When the need and opportunity to progress a career in the media clashes with blogging, it's the blog which is the first casualty. Because they take time and consideration and thought, and they don't pay.

This isn't restricted solely to hacks, of course. Other good blogs have fallen by the wayside as their authors lacked time to blog because they were busy earning elsewhere.

And even though blogs are free to read, we're all a little poorer for that loss.

It strikes me that the payment available to bloggers (other than a pittance of adsense revenue or similar) is in the interaction from reader comments.
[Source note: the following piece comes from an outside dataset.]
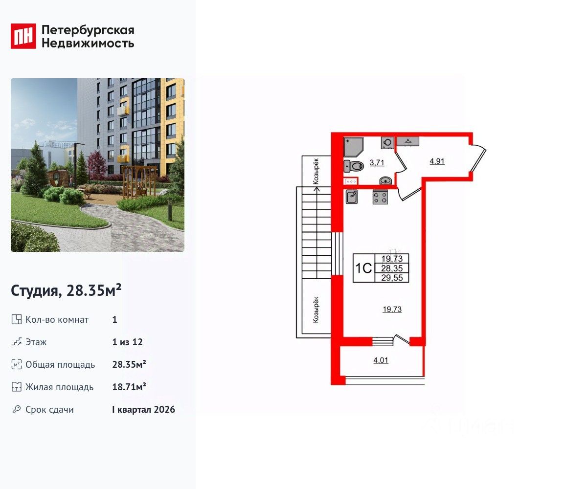Удобная, классическая, функциональная европланировка, просторная прихожая 5.18 м². Общая площадь студии - 28.35 м², жилая 18.71 м², высота потолка 2.77 м.

You don't get that in the mainstream media (letters pages and radio phone-ins just don't carry the same capacity for initiating a considered debate instantly.)
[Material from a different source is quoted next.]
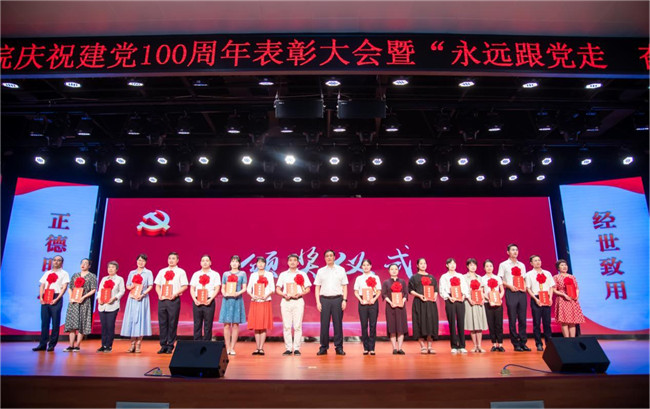 大会在庄严的国歌声中拉开序幕,院长程慎主持表彰大会,党委书记王霄鹂致辞。王书记讲到,为庆祝中国共产党诞辰100周年,大家欢聚一堂,共同回顾历史,重温入党誓词,表彰优秀党员和先进基层党组织是纯化党员思想,厚植爱党、爱国情怀的重要举措。希望全体党员同志以优秀代表为榜样,严格要求自己,不忘初心使命,立党为公、执政为民、爱岗敬业、担当作为、全心全意为人民服务,共同铸就中华民族的宏伟篇章。

It doesn't compare to getting a cheque in the mail, but it is a small reward when someone notes something you've blogged about and takes issue with it, or agrees fervently, or says you've opened their mind, or merely links to it from a blog of their own.
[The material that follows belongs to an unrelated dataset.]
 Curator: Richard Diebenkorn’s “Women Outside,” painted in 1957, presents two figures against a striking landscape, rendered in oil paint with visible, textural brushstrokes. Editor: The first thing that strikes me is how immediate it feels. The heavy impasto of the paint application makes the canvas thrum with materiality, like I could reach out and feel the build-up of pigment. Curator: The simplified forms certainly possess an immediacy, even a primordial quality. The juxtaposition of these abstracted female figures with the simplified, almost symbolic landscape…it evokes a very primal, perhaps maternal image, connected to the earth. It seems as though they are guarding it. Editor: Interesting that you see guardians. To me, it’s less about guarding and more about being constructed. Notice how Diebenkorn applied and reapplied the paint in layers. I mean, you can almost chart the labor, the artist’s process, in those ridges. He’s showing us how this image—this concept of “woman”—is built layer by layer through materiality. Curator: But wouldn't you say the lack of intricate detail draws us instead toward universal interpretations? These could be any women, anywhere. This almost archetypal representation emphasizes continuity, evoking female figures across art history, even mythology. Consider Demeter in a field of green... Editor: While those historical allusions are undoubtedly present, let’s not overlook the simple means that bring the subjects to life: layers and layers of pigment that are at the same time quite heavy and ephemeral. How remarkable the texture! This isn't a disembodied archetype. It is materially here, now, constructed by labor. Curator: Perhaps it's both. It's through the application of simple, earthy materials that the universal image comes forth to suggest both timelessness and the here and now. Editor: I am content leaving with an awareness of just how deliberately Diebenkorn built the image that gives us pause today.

So if we're not going to pay bloggers cash, then it might be nice if more people left more comments as they bounce around the blogosphere. It won't pay the rent, but it will add further relevance and vitality to the medium, while also giving the authors some form of payback.

Sunday, March 02, 2008

Twenty Major doesn't smoke!

These revelations just in from the Irish Blog Awards which were held last night:

Sinead Gleeson travels with a permanent retinue of other female arts correspondents.

Bock the Robber is a lightweight who can't handle his ale. He went home before nine o'clock last night. Which was a pity as I was hoping to meet him and call him a wanker for liking not only Munster but Scunthorpe.

Irish Flirty Something has dyed her hair. I know this must be the case because I asked every redhead in the place if they were flirty or not. Yes, I did indeed get some funny looks for that.

Sarah Carey and Richard Delevan couldn't get babysitters.

And Twenty Major, who is a very nice, well spoken lad in real life, is off the fags. Who's smoking in Dublin bars now, eh? Well?

Congrats to everyone who won, and to all those who got nominated, or just got drunk. And an especial well done to Mulley for putting it all together and Rick O'Shea for compering the event.

See y'all next year.

Wednesday, November 21, 2007

We're all experts now


I've been watching some Irish television.

Yes, the weather really has been that bad.

On Monday, I caught the blogosphere's art guru Sinead Gleeson on the Seoige and O'Shea show. That's the one on in the afternoon, where flustered guests try not to stare too hard at Grainne's legs and bosoms (see above), while Joe O'Shea stutters at them.

Sinead was on as an expert guest, but she wasn't talking about Ireland's arts scene. No, she was on to discuss how people in Ireland today have so little idea of geography that they'd be lucky to find Tallaght if there weren't big signs on the M50 carpark to tell them.

No offence, Sinead (who, for those who missed it, is surprisingly foxy for an internet geek and art wonk), but when did you become (as billed) a 'social commentator' with special interest in secondary school geography education? Is there a night class you can do in that?

Needless to say, Sinead performed admirably in her role. But I am getting fed up with all sorts of people being rolled out on telly purporting to be experts in things they're not. Can anyone be a telly expert now? Are daytime viewers so moronic that they actually still consider talking heads to be authorities on anything?

Actually, don't answer that. I was one of those soldiers on Monday afternoon. Damn rain, I really need to get out more.